Proper refrigerant capacity is a hot-button thing to DIY. So I asked around and pretty much all sources I ask say to just go by PSI. The online pros I see writing on forums say to go by weight. IE, kia specs say 2010 kia rio LX has 17oz or so 134a refrigerant. That's less than 2 cans of 12oz. Which cost ten bucks around here.

So I decided to try this theory out. Warmed up engine for 15 minutes running ac on max, pulled over and measured low-side pressure. 30psi 80f out(just after dusk). Various charts I consulted specify that is too low. So I added more and more 134a and checked my pressure in stages as I went. Coming in close to 40psi I was out of 134a in a new can. So I put in 11.5oz or so and saw 10psi bump. A/C feels colder, but no means of using thermometers was conclusive.(many varying readings)

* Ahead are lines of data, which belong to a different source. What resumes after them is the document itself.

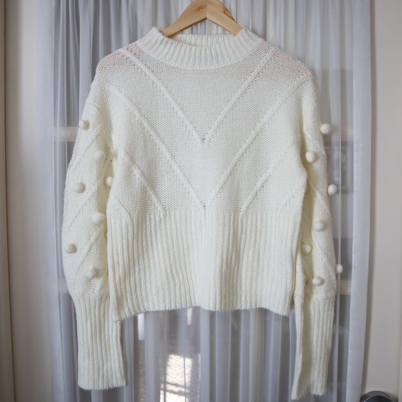 Nasty Gal Ivory Pom Pom Balloon Sleeve Mock Neck Sweater Size Medium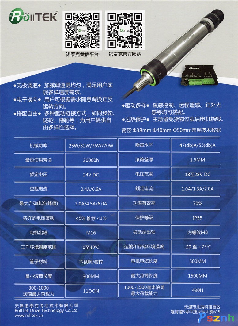 天津諾泰克傳動(dòng)技術(shù)有限公司 皮帶式輸送設(shè)備專用微型電動(dòng)滾筒 Rolltek電動(dòng)滾筒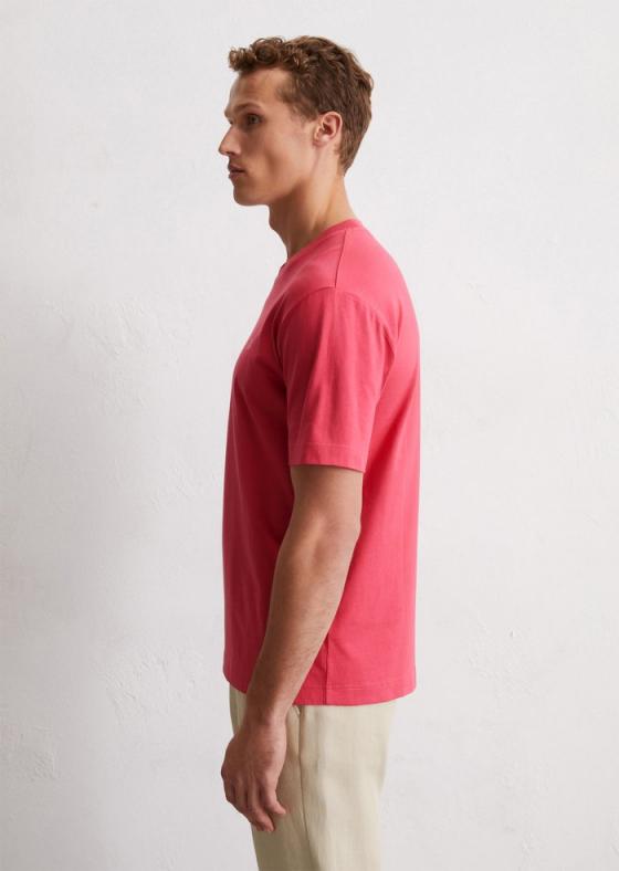 Cleanes Design trifft auf hochwertiges Material: das Basic-T-Shirt aus reiner, zertifizierter Bio-Baumwolle in softer Single Jersey-Qualität sorgt für hohen Tragekomfort. Im maskulinen Regular Fit mit fein geripptem Rundhalsausschnitt, kurzen Ärmeln und geradem Saum. Auf der Brust ist ein kleines, dezentes Logo in Kontrastfarbe angebracht. Vielseitig und flexibel.
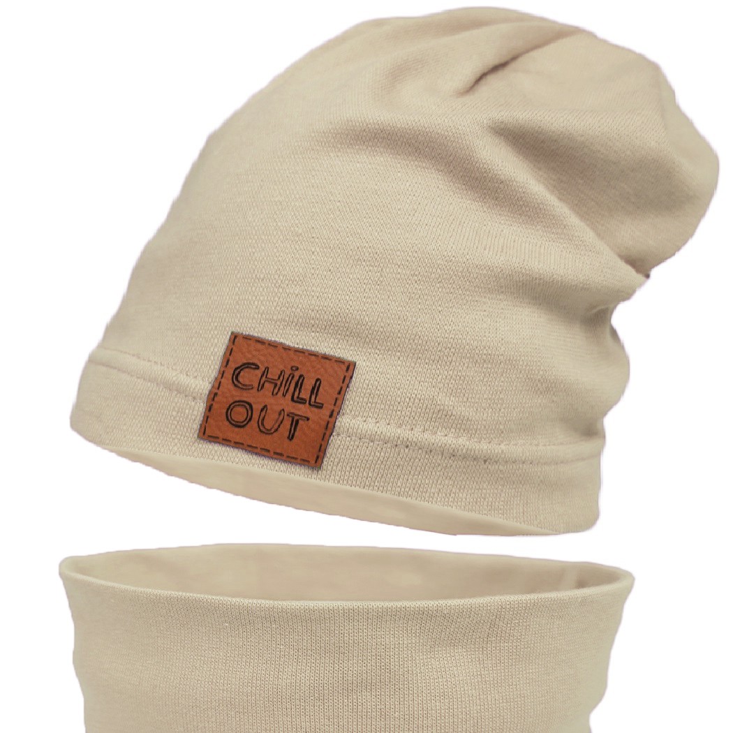 W skład kompletu wchodzi bawełniana czapka w kolorze bezowym. Oferowany model to dziecięca czapeczka z wyszytą aplikacja z napisem CHILL OUT, odpowiednia zarówno jako czapeczka wiosenna, jak i czapeczka jesienna. Uzupełnieniem czapeczki jest komin w tym samym kolorze.
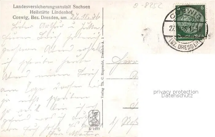 Coswig_Sachsen Heilstaette Lindenhof Coswig Sachsen postalisch gelaufen 1936 Erhaltung siehe scans [FriedD77] Frierer

If I had to guess the A/C is barely colder. But 11.5oz more sounds too much. I am watching the pressure carefully.

Another subject I want to touch on is insulating the aluminum piping for low-side. Some say they see some difference, some say they see a big difference. I can't find any down-side to spending some cash on foam and zip-ties. So I will report my findings once my car cools down and I wrap it. It looks like I might have to take a tire off to get to all the low-side pipe.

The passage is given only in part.